In the fall of 1976 I moved back to New York after a brief stretch in L.A. I got a small apartment on Bleecker and Sullivan, in Greenwich Village; my ex-wife and kids lived at Houston and Sixth, just a stone's throw away if you were a major league right fielder. My daughter Alison had just turned seven, and was in the second grade at P.S. 41. Her teacher was Miss Ackerman.
Now that was a while ago, and I can't remember whether Alison loved or hated thus particular teacher, and what does it matter, anyway? What I liked was the woman's name. It struck me as just right for the story I was writing, neither common nor uncommon, ethnically non-specific, and -- well, who knows exactly why I liked it? And what difference could it possibly make?

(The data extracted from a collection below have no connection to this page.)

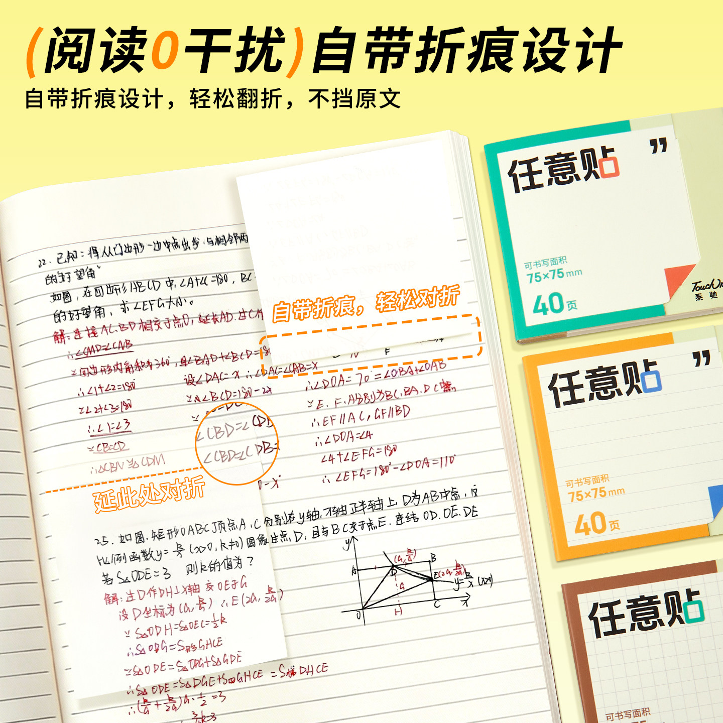 【课堂笔记】扩张便利贴不遮挡有粘性透明便签纸任意贴初中生专用可折叠学生考研用笔记标记错题便利贴不留痕
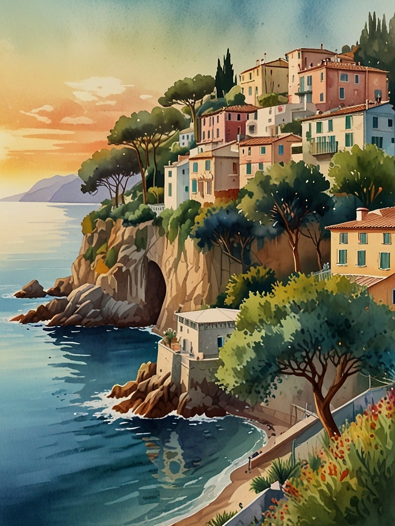 Изысканный акварельный постер с видом на итальянское побережье. Нежные пастельные домики, лимонные деревья и бирюзовое море в теплом свете рассвета создают атмосферу роскошного спокойствия. Премиум-качество для интерьеров в стиле современной элегантности.
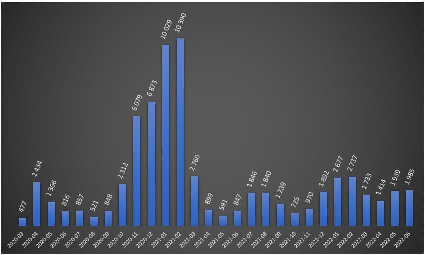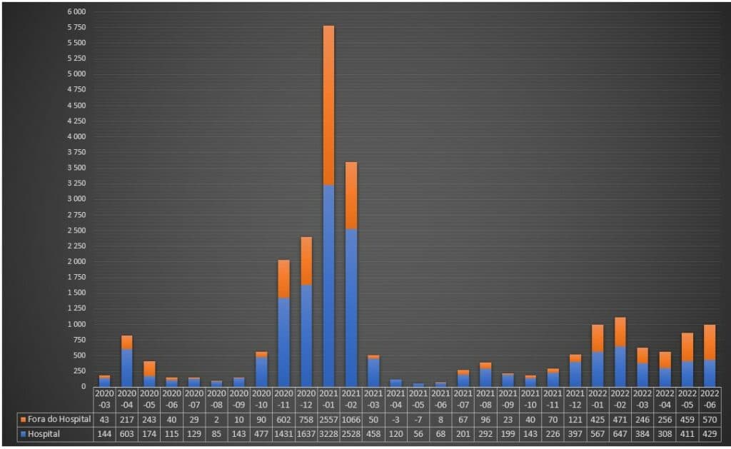 Contudo, nos quatros meses em que se mostra possível comparar três anos sucessivos (Março a Junho), verifica-se que 2022 (já com vacinação plena, incluindo reforços, em quase toda a população “vacinável”) foi aquele com maior número de óbitos por covid-19 (3.063), contrastando com os 750 óbitos em 2021 (contudo, após o morticínio de Janeiro e Fevereiro) e com os 1.579 óbitos de 2020 (no início da pandemia).
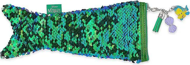 They'll be excited to make this Ariel pencil case part of their world. Inspired by the little mermaid's tail, the design features reversible sequins that change from an iridescent blue green to silver. The detachable zip pull includes a Flounder charm. Genuine, Original, Authentic Disney Store. Swipe sequins to switch from iridescent blue green to silver. Zip closure and detachable charm zip pull
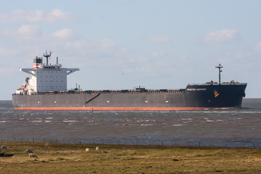 Massengutfrachter elbaufwärts vor Cuxhaven-Altenbruch am 08.08.2015
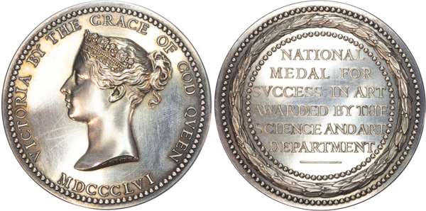 Awarded to Ada Erwood for subject 8D. Crowned bust of young queen l, VICTORIA BY THE GRACE OF GOOD QVEEN MDCCCLVI, rev. Within a laurel and beaded border NATIONAL MEDAL FOR SUCCESS IN ART AWARDED BY THE SCIENCE AND ART DEPARTMENT, (D&W 255/395; E 1511), in original presentation box. Good Extremely Fine, lightly toned, box in excellent condition.
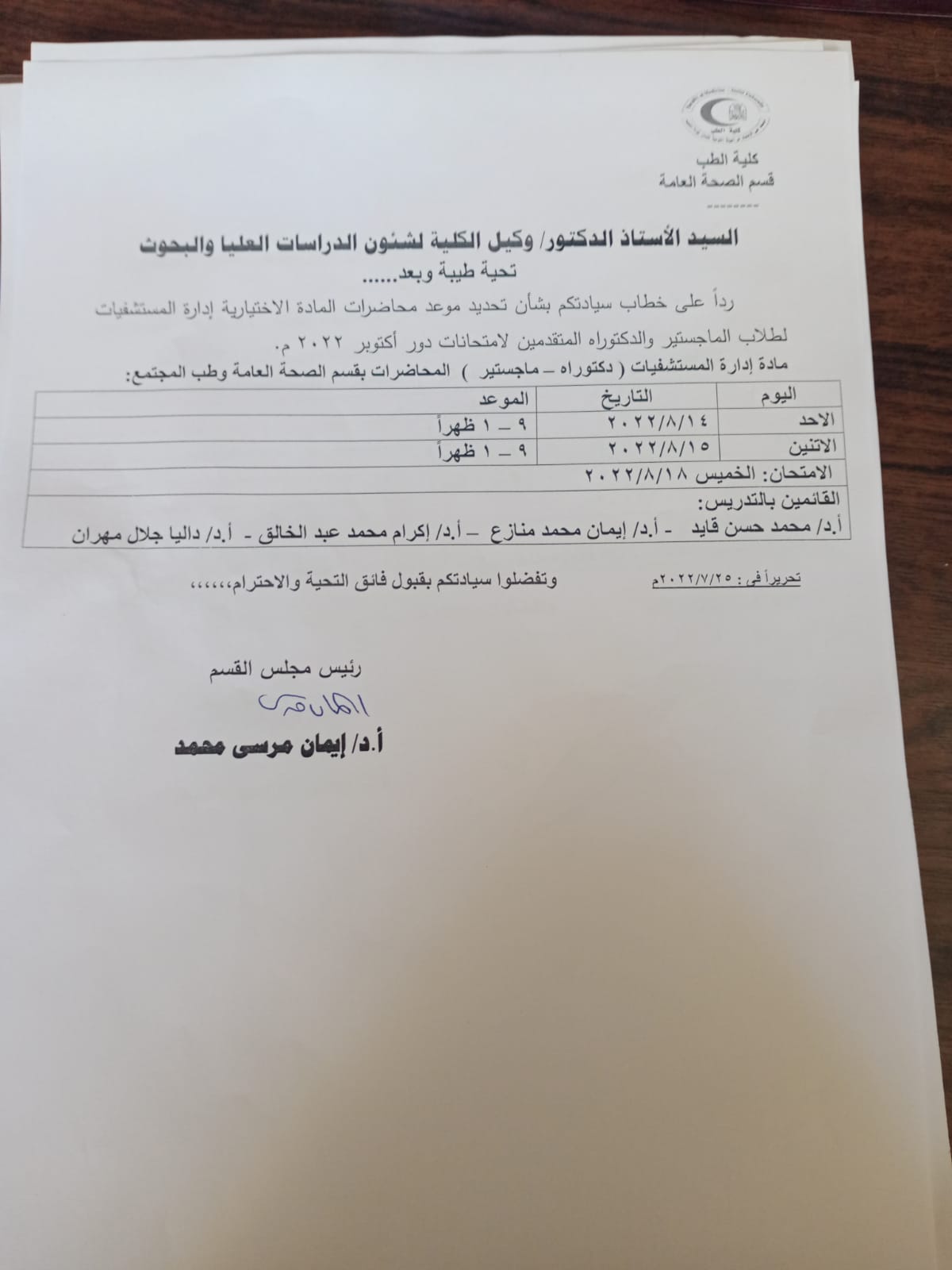 Postgraduate exams schedule
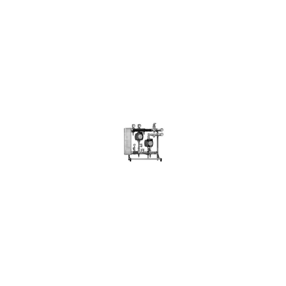 Stacja solarna wymiennikowa, komplet z dwiema pompami obiegowymi, lutowanym miedzią płytowymwymiennikiem ciepła ze stali szlachetnej łącznie z izolacją, dwoma ogranicznikami objętości strumienia, dwoma zaworami bezpieczeństwa i manometrami, odpowietrznikiem (po stronie wtórnej), odmulnikiem (po stronie wtórnej), armaturą odcinającą z uchwytami termometrów (od strony zasilania, po stronie powrotu z zaworem zwrotnym), ramą montażową z profili aluminiowych i stopkach z regulowaną wysokością.
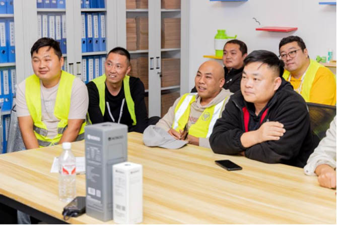 在今年8月末举办的“康迈关怀·卡友关怀”淮安站活动上,康迈曾到访极兔淮安转运中心,为一线工作人员送上秋日关怀,并开展系列轮端安全知识普及,旨在提升运输团队的专业素养和安全意识。此次拜访极兔南京总部,康迈再次跟一线运输人员探讨康迈轮端安全运输经验,与车队管理人员深入交流对话,共同为双十一双十二快递旺季的安全运输工作做好全面准备。
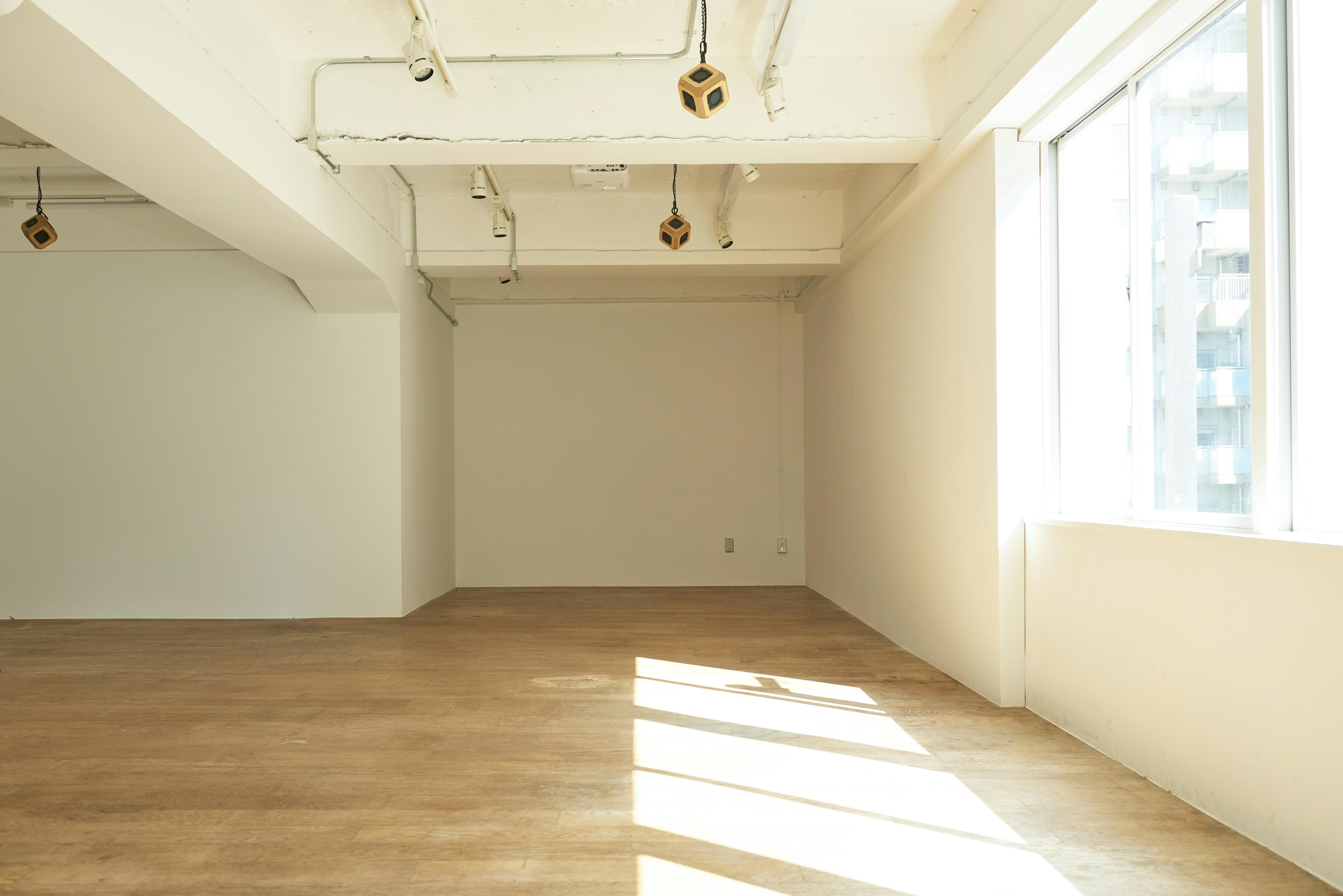 【1周年記念:ハンガーラック16台貸し出し無料】ギャラリーやアパレル展示会に適した白壁、フローリング53㎡のスペース(3F)
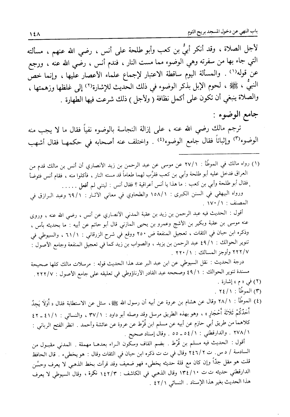 أقول: الحديث فيه عبد الرحمن بن زيد بن عقبة المدني الأنصاري عن أنس، رضي الله عنه، وروى عنه موسى بن عقبة وبكير بن الأشج وعمرو بن يحيى المازني قال أبو حاتم عن أبيه: ما بحديثه بأس، وذكره ابن حبان في الثقات، تعجيل المنفعة ص 250 ووقع في شرح الزرقاني: 1/ 61، والسيوطي في تنوير الحوالك: 1/ 49 عبد الرحمن بن يزيد، والصواب بن زيد كما في تعجيل المنفعة وجامع الأصول: 7/ 222 وأوجز المسالك: 1/ 220.
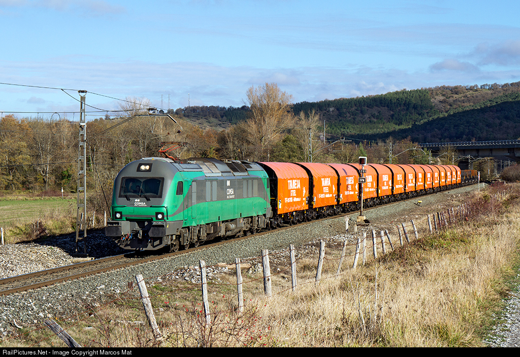 | First service of the new steel wagons of Tramesa. Hopefully we can enjoy them for some time, before the spray vandals smear them with their ravings. Steel freight Santurce-Aranda de Duero at Katadiano. |
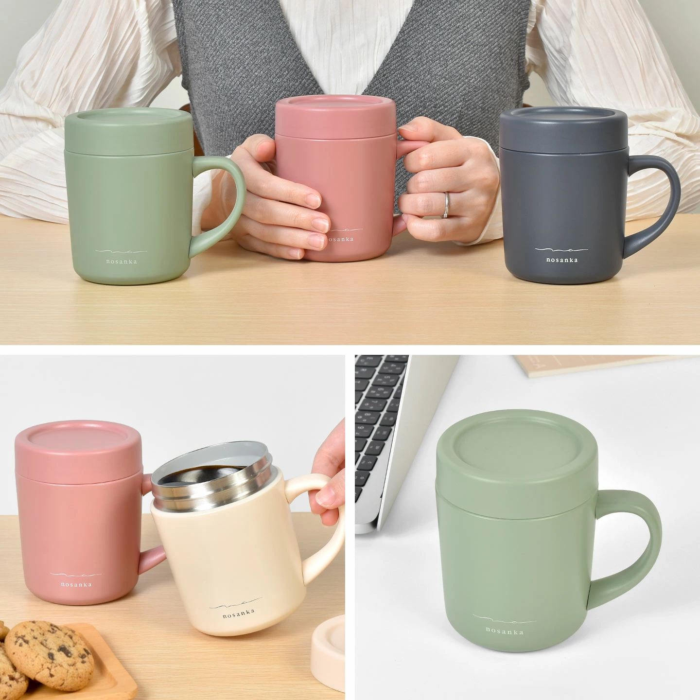 【NEW STANDARD CERAMIC MUG WITH LID / ニュースタンダード セラミック マグ】香りに敏感で、ステンレスのにおいが苦手、スローペースで飲まれる方におすすめのマグカップ。「nosanka」は内側にセラミック加工構造なのでステンレス特有の金属臭はありません。長時間コーヒーなどの飲み物を入れておいても金属特有のニオイがつく心配がなく、コーヒー本来の香りや風味をお楽しみいただけます。また、スポーツドリンクやスープ、炭酸飲料にもご使用いただけます。白湯やお薬用のお水などのちょい飲み用にも便利です。本体はスタンダードな形ですが、完全密封することができるのでちょっとした持ち運びはもちろん、埃対策にも◎
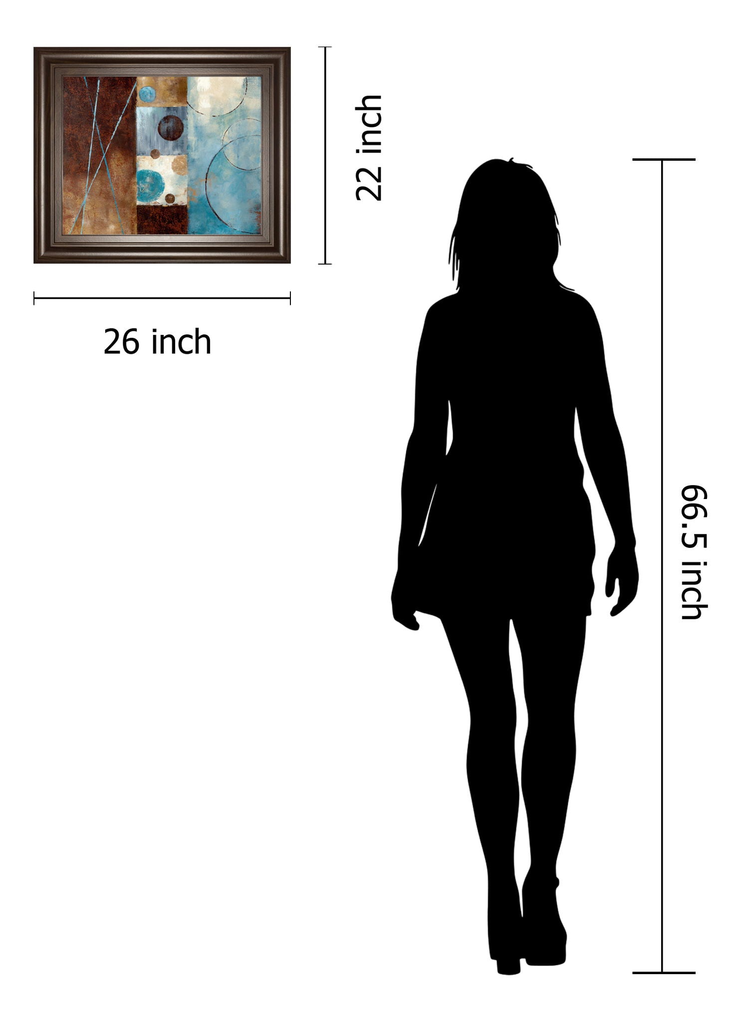Step into a world where earthy cinnamon mocha hues meet serene blues in a captivating abstract dance. This framed wall art features textured circles and intersecting lines that evoke a sense of movement and balance, inviting calm and sophistication into any living room or office. Encased in a wide, elegant cinnamon mocha frame and protected by premium glass, this mixed media piece is crafted with expert care in the USA, making it a timeless statement for your space.
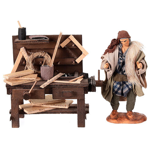 Warsztat i stolarz z terakoty, szopka neapolitańska 12 cm
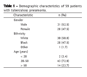 ResultsAmong the 59 patients with tuberculous pneumonia, there was a slight predominance of males and White individuals. Of the 59 patients, 43 (72.9%) were between 20 and 50 years of age (Table 1).
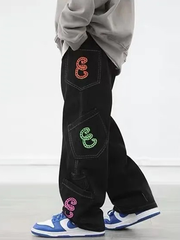 Lose Herrenjeans mit mehreren Taschen und buntem Aufdruck
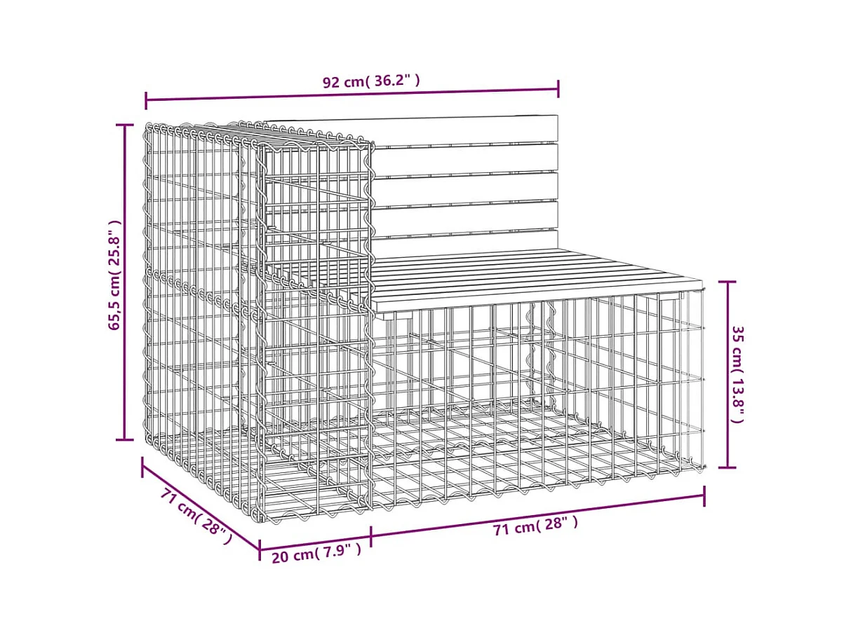 Banc de jardin design gabion 92x71x65,5cm bois de pin imprégné
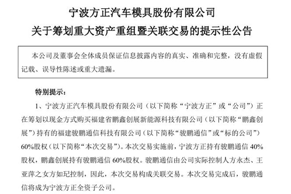 2025年04月16日,宁波方正汽车模具股份有限公司发布《关于筹划重大资产重组暨关联交易的提示性公告》。图源:宁波方正公告 宁波方正筹划以现金方式购买福建省鹏鑫创展新能源科技有限公司持有的福建骏鹏通信科技有限公司60%股权。 本次交易完成后,骏鹏通信将成为宁波方正全资子公司。 据骏鹏通信自己的招聘公告称,其专业从事新能源动力电池...
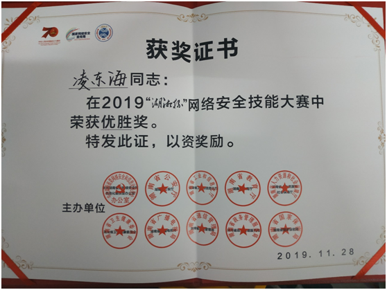 11月28日,2019湖南(长沙)网络安全·智能制造大会在长沙国际会展中心正式开幕,会上对2019“湖湘杯”网络安全技能大赛系列活动进行表彰。william威廉中文官网极光网络安全实验室的同学在2019“湖湘杯”网络安全技能大赛系列活动——关键信息基础设施网络安全应急演练比赛中获得二等奖,同时在湖湘杯网络技能大赛决赛中获得优胜奖。
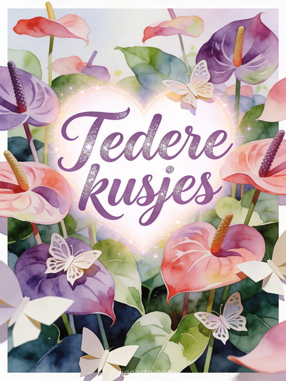 Deel een vlinderkusjes gif met zachte mauvekleurige kalligrafie, een tropische anthuriumtuin, gloeiende hartjes en delicate papieren vlinderornamenten tussen de bloemen. Je kunt ook een gratis kusjes afbeelding, veel kusjes geanimeerde gif of kusjes hond gif sturen.
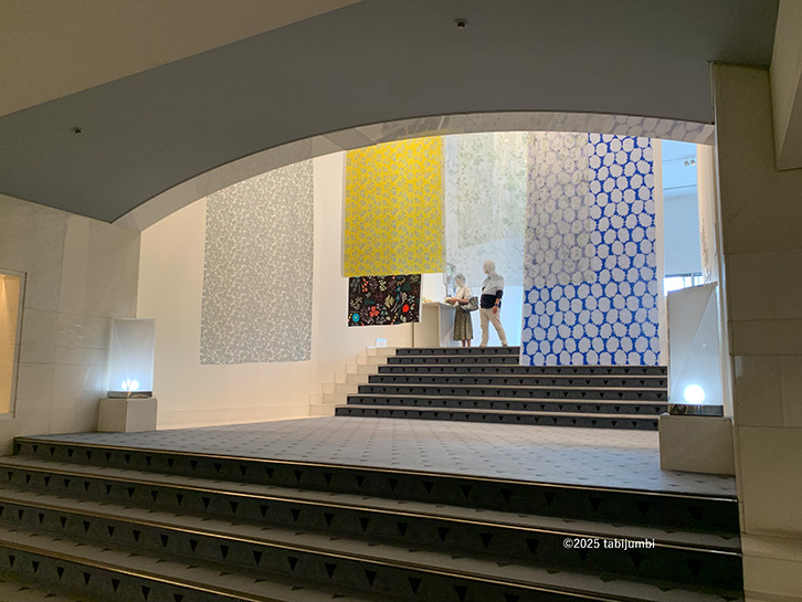スパイラルは2階のショップ、スパイラルマーケットへ階段を上っていきます。そこには複数のテキスタイルが天井から吊るされていました。デザインを重ね合わせ、イメージする空間だということです。
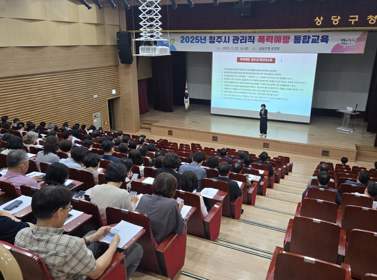 [무한뉴스=정민정 기자] 청주시는 22일 상당구청 대공연장에서 시 기관장과 고위직 공무원 185명을 대상으로 직장 내 4대 폭력(성희롱,성매매,성폭력,가정폭력) 예방 통합교육을 실시했다.

I wrote the story and sent it to Eleanor Sullivan, who selected it for Alfred Hitchcock's Mystery Magazine, where it was published the following July. I tucked it into Sometimes They Bite, my first short story collection, and included it later on in my omnibus volume, Enough Rope. It hasn't been anthologized much.
Just recently a friend wanted a New York story for a Cable TV anthology show she's been putting together. If she likes it, and if the show clears the next hurdle, I'll have the job of adapting it for the not-so-small-anymore screen. That might happen, but it might not; meanwhile, I spent a couple of hours cleaning up the lousy OCR scan and turning it into something people could actually read, and figured the least I could do was make it eVailable to y'all. So here it is.
I hope Miss Ackerman's doing just fine. The real one, that is to say. Alison's second grade teacher.